[Stored items]
BEGIN

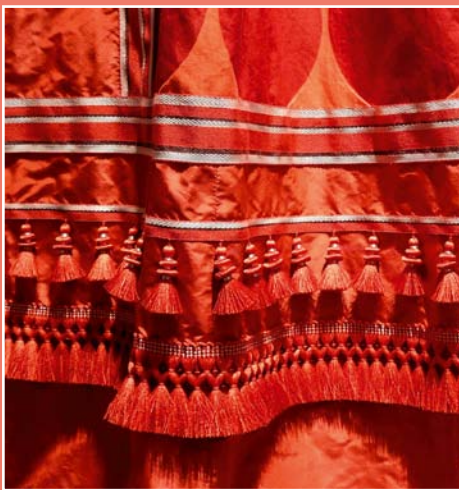
Meisterhaft: Die Geschichte der Posamenten-Manufaktur Houllès reicht bis ins 17. Jahrhundert zurück. Diesen Seidentaft veredeln Quasteborten aus Kollektion „Onyx“, bei denen die kleinen Quasten von Hand mit Effektgarn umwickelt und danach befestigt werden, ab 56 Euro

Fenster. Eine Fransenborte verleiht einem Kissen Lässigkeit, eine Keder-schnur dem Polstermöbel Kontur. Aber auch an kuscheligen Decken, Lampenschirmen, Tapeten, Teppichen oder Bettwäsche können Borten, kleine Quasten, Kordeln, Zierknöpfe oder Spitzen wirken. Ihre Blütezeit erlebte die Bandweberei im 19. Jahrhundert. Noch heute werden die feinen Schmuckwaren zum Teil in Handarbeit hergestellt - in modernen Farben und spannenden Texturen. So gefallen sie nicht nur Liebhabern der klassischen Dekoration.
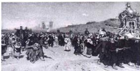
Крестный ход в курской губернии
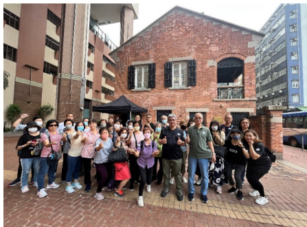
2023年5月6日親子一天遊
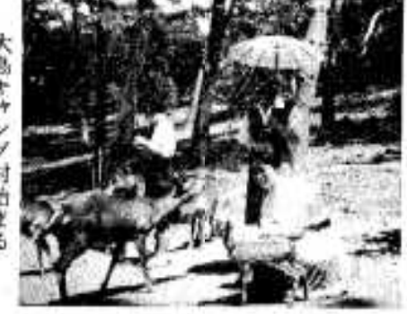
大島キャンプ村始まる
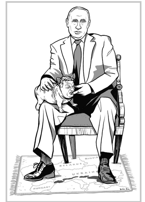
Illusztráció: Buzás Aliz

Orbán olyan korrupt rendszert épített ki, annyit loptak, hogy az Európai Unió nem hajlandó pénzt küldeni Magyarországnak. Orbán barátja, a felcsúti gázszerelő lett az ország leggazdagabb embere, milliárdossá tette az apját, a testvéreit, a gyerekeit, de még a vejét is. Csak akkor

END

Task requirements
With the pictures left out, restate word for word every line of the data above, from the first down to the line that contains "Крестный ход в курской губернии".

Worked solution
Meisterhaft: Die Geschichte der Posamenten-Manufaktur Houllès reicht bis ins 17. Jahrhundert zurück. Diesen Seidentaft veredeln Quasteborten aus Kollektion „Onyx“, bei denen die kleinen Quasten von Hand mit Effektgarn umwickelt und danach befestigt werden, ab 56 Euro

Fenster. Eine Fransenborte verleiht einem Kissen Lässigkeit, eine Keder-schnur dem Polstermöbel Kontur. Aber auch an kuscheligen Decken, Lampenschirmen, Tapeten, Teppichen oder Bettwäsche können Borten, kleine Quasten, Kordeln, Zierknöpfe oder Spitzen wirken. Ihre Blütezeit erlebte die Bandweberei im 19. Jahrhundert. Noch heute werden die feinen Schmuckwaren zum Teil in Handarbeit hergestellt - in modernen Farben und spannenden Texturen. So gefallen sie nicht nur Liebhabern der klassischen Dekoration.
Крестный ход в курской губернии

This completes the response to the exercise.